Friday 04 April 2014 19:26 BST
Comments
(Ping Zhu)

In my eyes, this is more about having compassion for all creatures. If the injury is serious enough to prevent the insect from normal activity, then I'd kill it to put it out of its misery.

Gemma Weirs

Such questions always challenge human morality, which I would argue is relative and subjective. Witness the lion ripping apart the antelope. We, as if by reflex, wince at the antelope's pain. Easily forgetting the lion's hunger. This shows how basically our morality tends. We cannot deny the elegance of the 'food chain', but it grates against our notion of self-preservation.
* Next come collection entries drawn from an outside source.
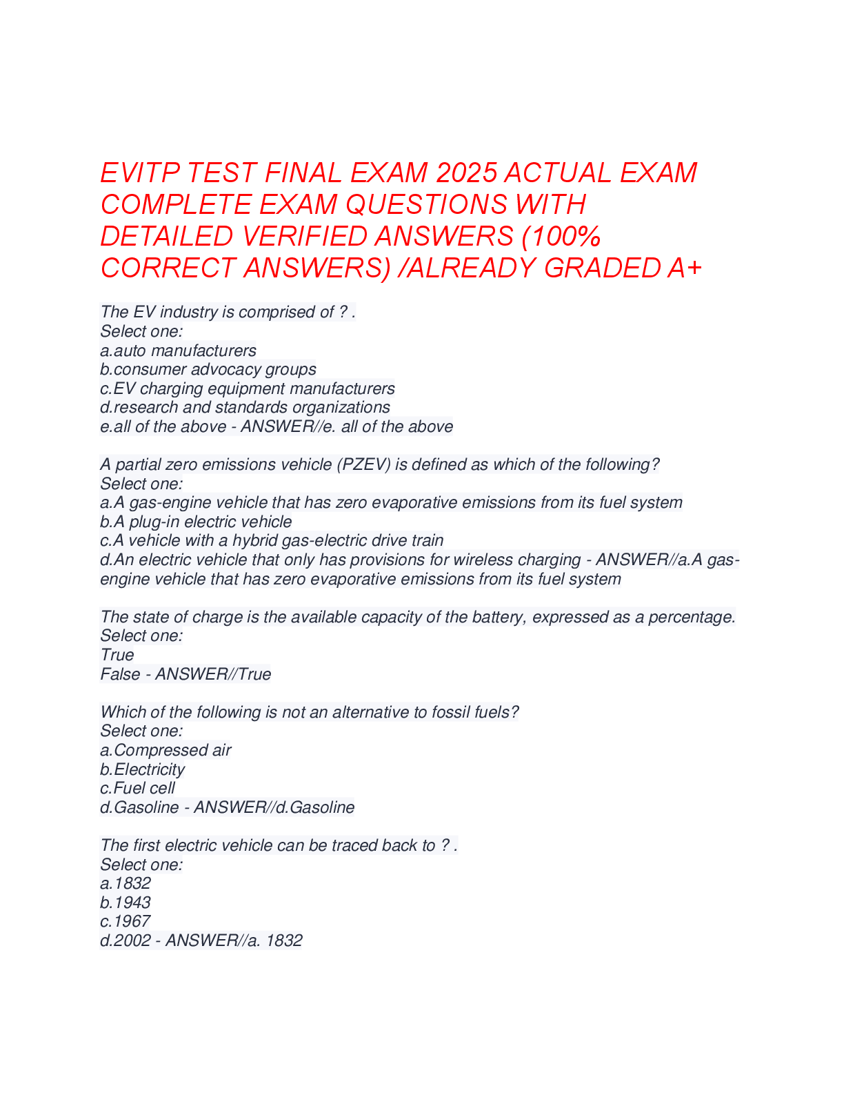 Engineering Mechanics > A-Level Question Paper > EVITP TEST FINAL EXAM 2025 ACTUAL EXAM: Complete Questions & Detailed Verified Answers (100% Correct) | Electric Vehicle Infrastructure Training Program Study Guide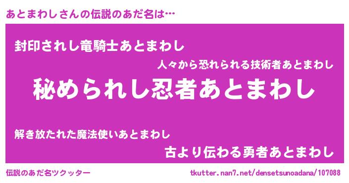| ファンタジー風あだ名 | 『エターナルアトマワシー』『ゼアトトゥ』 |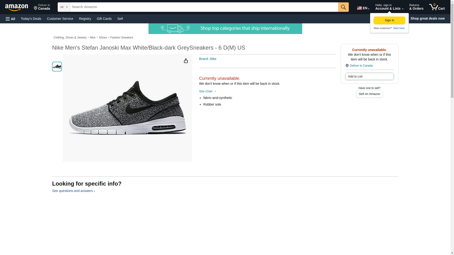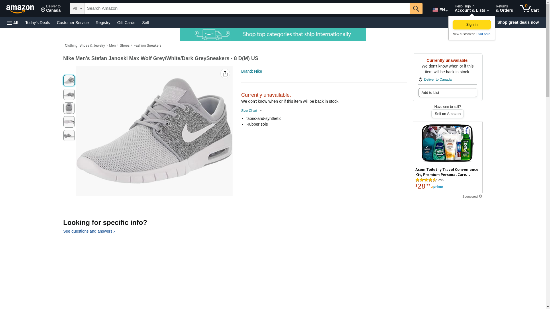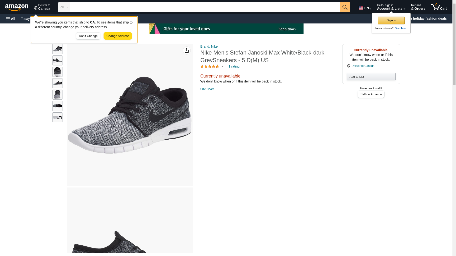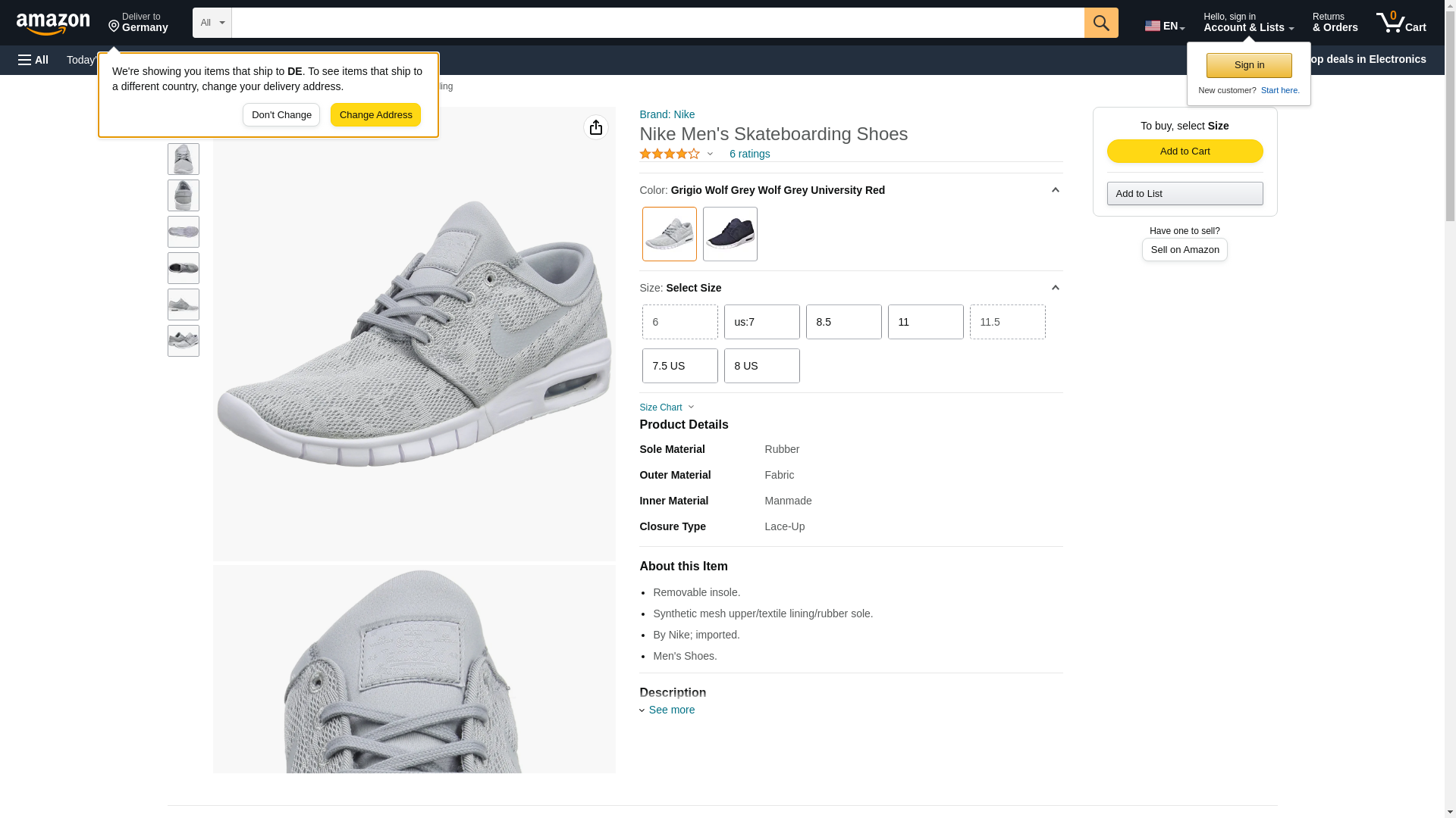 Nike Men's Stefan Janoski Max Wolf Grey/Wolf GreySneakers - 6.5 D(M) US

My unfortunate conclusion is that it matters not at all; whether you kill it or not, or whether it has a consciousness or pain. Ethics, being a purely human construct, is irrelevant, save to assuage our own reflexive guilt. But insofar as that is true, then do as you feel you should.

Alistair Reid

If you have a philosophical objection to killing, you could place a tiny droplet of beer or wine next to the damaged insect. This will have a suitably anaesthetic effect, and ensure that the final moments of the insect are happy, if the thing is in fact capable of happiness. It's also a good excuse for opening a bottle of beer or wine, and the insect's share hardly diminishes from the total.

Martin Gradwell

Looks like the philosophers and theists have made their cases. As far as entomologists are concerned, insects do not have pain receptors the way vertebrates do. They don't feel 'pain', but may feel irritation and probably can sense if they are damaged. Even so, they certainly cannot suffer because they don't have emotions. If you heavily injure an insect, it will most likely die soon: either immediately because it will be unable to escape a predator, or slowly from infection or starvation. Ultimately this crippling will be more of an inconvenience to the insect than a torturous existence, so it has no 'misery' to be put out of, but also no real purpose. If it can't breed any more it has no reason to live.

In other words, I have not answered your question because, as far as the science is concerned, neither the insect nor the world will really care either way. Personally, though, I'd avoid doing more damage than you've already done. 1) Maybe the insect will recover, depending on how damaged it is. 2) Some faiths do forbid taking animal lives, so why go out of your way to kill? 3) You'll stain your shoe.